At gross necropsy, the dog’s body tissues were icteric, despite a normal total bilirubin on her serum biochemistry profile 3 days prior to euthanasia. The dorsal abdominal cavity contained an irregular, multilobulated, smooth-surfaced, soft mass that bulged on cut section and was mottled pale yellow and red. It extended from the diaphragm to the level of the fourth lumbar vertebra and involved the right kidney, the adrenal glands, the pancreas, duodenum, portal vein, caudal vena cava, and abdominal aorta. The duodenum and pancreas were firmly adhered to the mass, and a large part of the right kidney parenchyma was replaced by it, including the papilla, cranial pole, and hilus [Figure 5]. The left adrenal gland was on the dorsal midline, the abdominal aorta was entrapped within the mass, and the caudal vena cava coursed over its dorsal surface. The lumen of the caudal vena cava was filled with pale yellow, soft material similar to the mass. The spleen, liver, and ovaries were grossly unaffected. The liver was enlarged, weighing 279.1 g (4.2% of body weight; reference range, 3.2% to 3.7%). Adjacent to the right side of the third and fourth lumbar vertebrae within the spinal canal, there was a pink/tan, soft, irregular, extradural mass measuring 2.5 cm in length and 1.1 cm in diameter [Figure 6]. The vertebrae were grossly normal, and the mass was not adhered to the vertebrae. All other parts of the spinal cord and the brain were grossly normal.

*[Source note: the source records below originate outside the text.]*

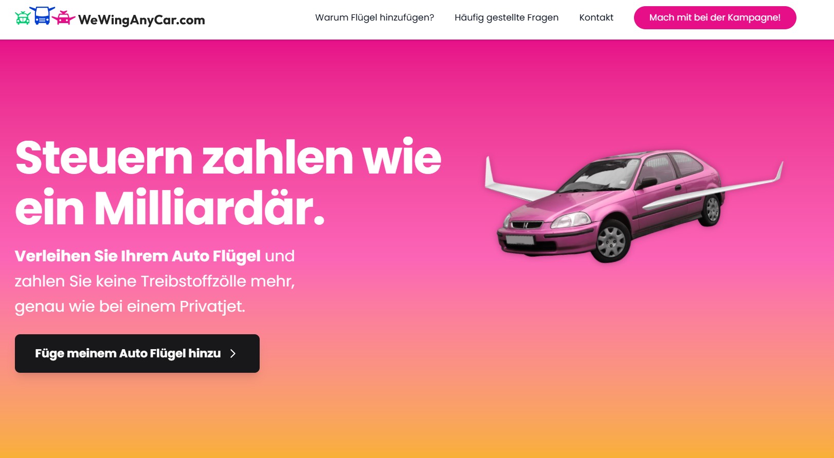Die britische Satire-Kampagne „We Wing Any Car“ macht auf das Steuerprivileg für Privatjets aufmerksam. (Screenshot, Wewinganycar.com)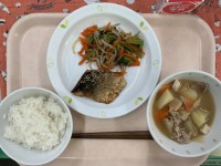 ごはん牛乳さばのうまだれ焼き野菜のおかかあえ豚汁今日の魚は、しょうが、にんにく、...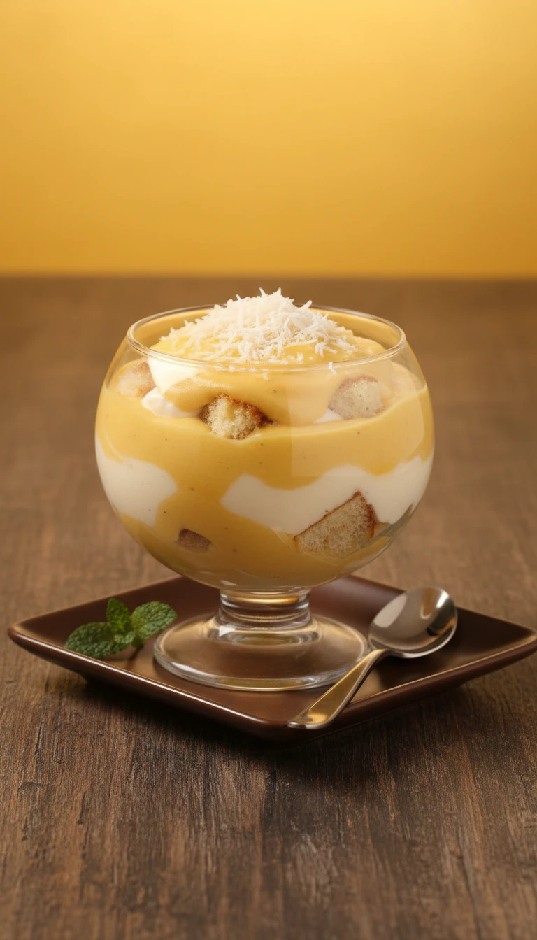 Uma explosão de sabores tropicais! Deliciosa combinação de bolo de abacaxi macio, cocada cremosa de maracujá e refrescante sorvete de coco com abacaxi. Uma sobremesa perfeita para os dias quentes.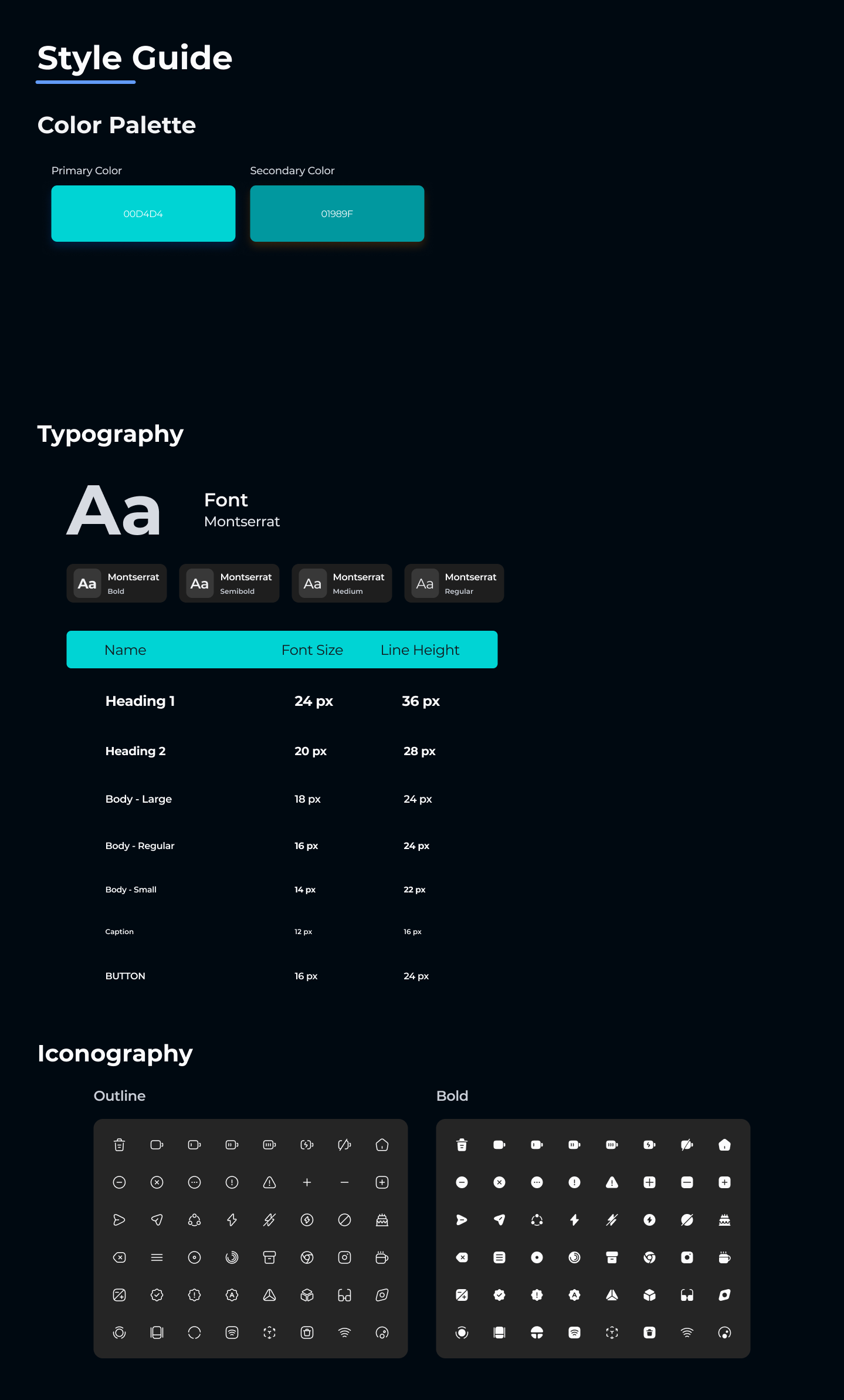 Iconography: Outline + Bold sets for clarity in navigation and actions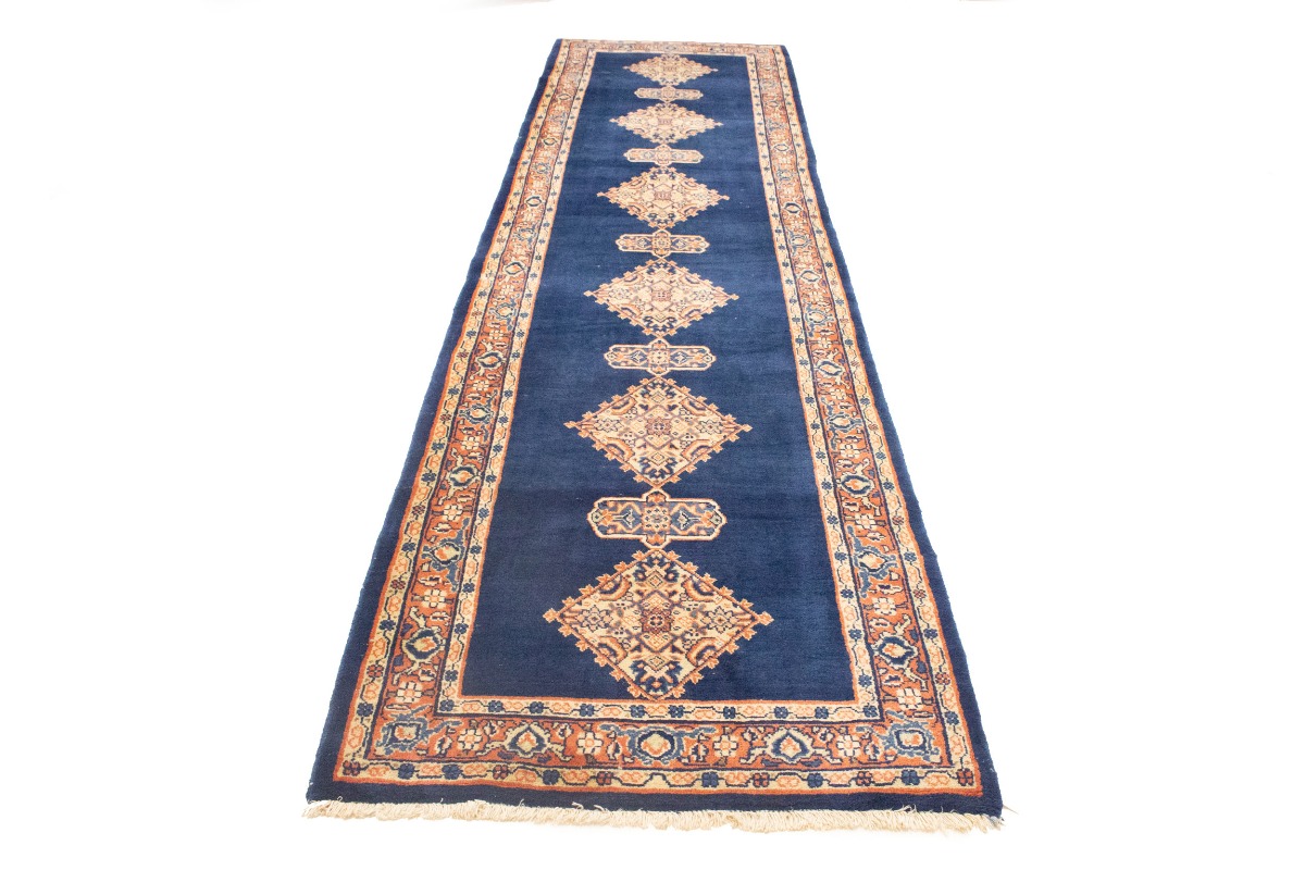 This authentic 3'7X13'6 purple vintage Persian runner was finely knotted by the hands of weavers influenced by a variety of amazing artistic designs, to recreate the aged look of the exceptional piece with a richness of color and embellished floral background field. What set this traditional Oriental area runner from the others are the material and dye used (wool pile and cotton foundation), knot count, antique designs, fantastic grades, and its regional historical connection: it has deep roots, from the story of the people who produced it to the meaning of the symbols and colors displayed across its canvas that have been praised for centuries. This classic home décor carpet will be completely cozy and inviting that never will go out of style!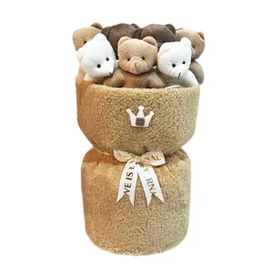 این دستگل عروسکی با بوکت خرس در آغوش شامل ده خرس رنگی میشود که دو تم رنگی صورتی کرم و قهوه ای کرم دارد.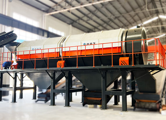 滾筒篩是分選生產線中應用非常廣泛的一種設備,它通過對顆粒粒徑大小來控制物料分選,分選精度高。滾筒篩的筒體一般分幾段,可視具體情況而定,篩孔由小到大排列,每一段上的篩孔孔徑相同,通過改變其篩子的直徑和范圍,實現物料的多級篩分作業。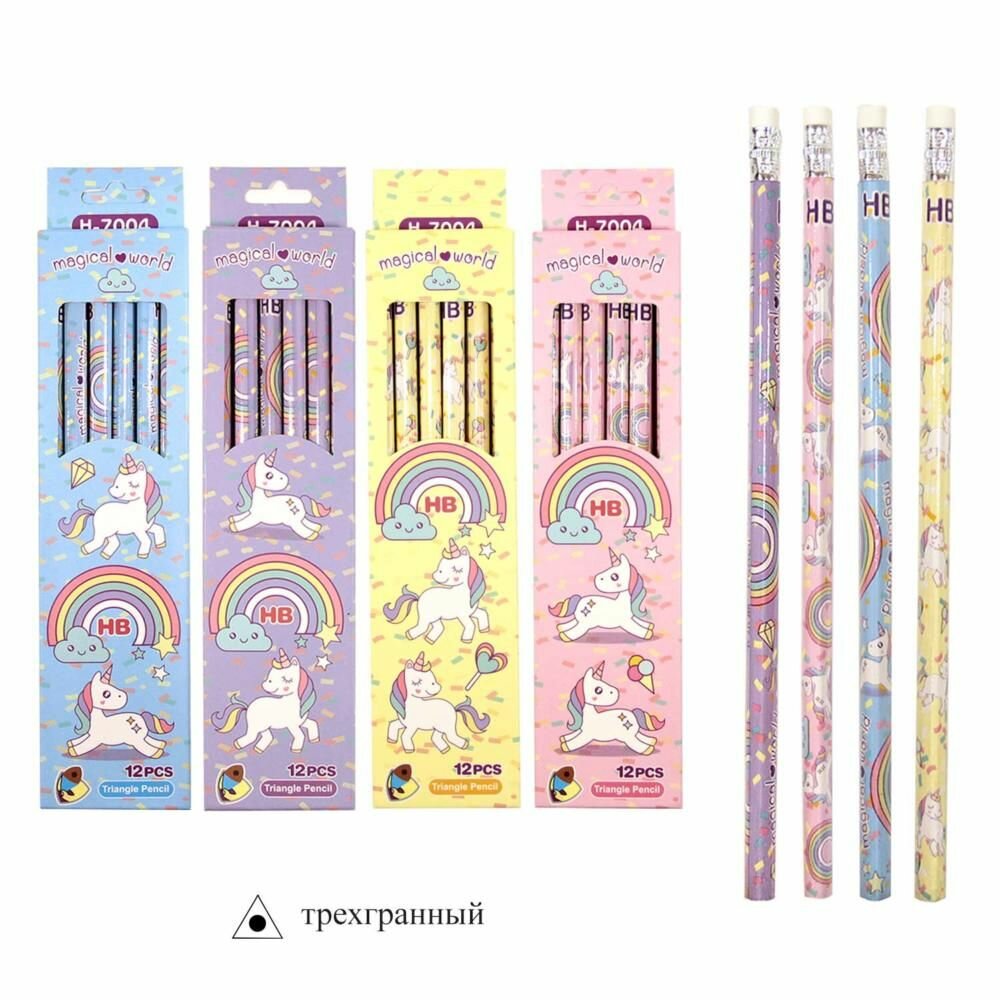 10 цен на Карандаши для школы простые HB с ластиком, Набор чернографитных карандашей для офиса и рисования из 12 штук, Единорог, Н21561-16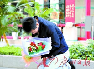 寒風(fēng)瑟瑟,一年輕男子跪在東莞市南城區(qū)體育路口,從早上9時到下午4時,遲遲不肯起身。他的懷中抱著一束紅色的玫瑰花,他不時用右手撐一下地面,讓自己發(fā)麻的膝蓋放松一下。

On histopathology of the kidney, the neoplasm replaced a large part of the normal parenchyma and consisted of a nonencapsulated, multilobulated, poorly differentiated, expansile mass. Within the lobules, cells were arranged into packets and nests by thin trabeculae of fibrous connective tissue [Figure 7]. Individual cells were primitive with sparse amounts of cytoplasm, discrete cell borders, and centrally to eccentrically placed, oval to round, densely hyperchromatic nuclei. Some nuclei had a coarse chromatin pattern, mostly without distinct nucleoli, and the mitotic index averaged 4 to 5 per 40× field. There were areas of necrosis and hemorrhage within the neoplasm. Morphologically identical cells invaded the lumen of the caudal vena cava, effaced and expanded the left adrenal gland and hepatic and mediastinal lymph nodes, and infiltrated small areas of the pulmonary interstitium.

Cells morphologically identical to those found in the kidney and abdomen were also demonstrated in the third and fourth lumbar vertebrae, where they filled the marrow cavity, effaced the periosteum of the spinal canal, and extended into the extradural spinal canal to compress the spinal cord [Figure 8]. There was mild to moderate Wallerian degeneration (consisting of multifocal myelin sheath distension, axonal swelling, and myelomacrophages) in the ventral, lateral, and dorsal funiculi of spinal cord at the level of the third and fourth lumbar vertebrae. There was no direct continuation between the abdominal mass and the vertebrae, and the skeletal muscles surrounding the vertebrae did not contain neoplastic tissue. Most segments of the cervical and thoracic spinal cord were evaluated histologically, and no neoplastic tissue was identified.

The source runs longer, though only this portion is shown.